Parameter	Type	Description	Default value	Required	Example
action	string	Indicates the specific fault type. Available types include: `netem`, `delay` (network delay), `loss` (packet loss), `duplicate` (packet duplicating), `corrupt` (packet corrupt), `partition` (network partition), and `bandwidth` (network bandwidth limit).After you specify `action` field, refer to Description for action-related fields for other necessary field configuration.	None	Yes	Partition
target	Selector	Used in combination with direction, making Chaos only effective for some packets.	None	No
direction	enum	Indicates the direction of `target` packets. Available vaules include `from` (the packets from `target`), `to` (the packets to `target`), and `both` ( the packets from or to `target`). This parameter makes Chaos only take effect for a specific direction of packets.	to	No	both
mode	string	Specifies the mode of the experiment. The mode options include `one` (selecting a random Pod), `all` (selecting all eligible Pods), `fixed` (selecting a specified number of eligible Pods), `fixed-percent` (selecting a specified percentage of Pods from the eligible Pods), and `random-max-percent` (selecting the maximum percentage of Pods from the eligible Pods).	None	Yes	`one`
value	string	Provides a parameter for the `mode` configuration, depending on `mode`. For example, when `mode` is set to `fixed-percent`, `value` specifies the percentage of Pods.	None	No	1
selector	struct	Specifies the target Pod. For details, refer to Define the experiment scope.	None	Yes
externalTargets	[]string	Indicates the network targets except for Kubernetes, which can be IPv4 addresses or domains. This parameter only works with `direction: to`.	None	No	1.1.1.1, www.google.com
device	string	Specifies the affected network interface	None	No	“eth0”

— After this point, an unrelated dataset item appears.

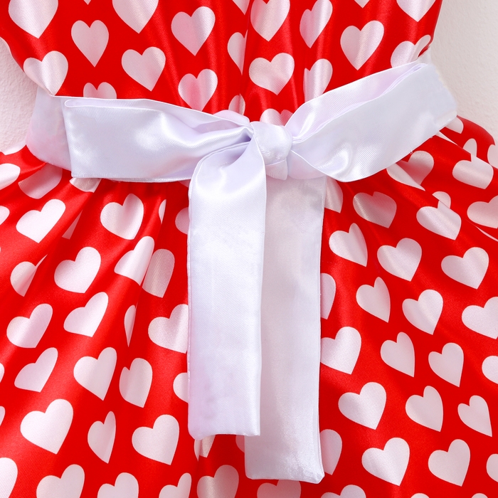 Карнавальный костюм «Стиляги» платье красное с белыми сердцами, повязка р-р 32 рост 122-128 см

Description for `action`-related fields

For the Net Emulation and Bandwidth fault types, you can further configure the action related parameters according to the following description.

Net Emulation type: delay, loss, duplicated, corrupt
Bandwidth type: bandwidth

delay

Setting action to delay means simulating network delay fault. You can also configure the following parameters.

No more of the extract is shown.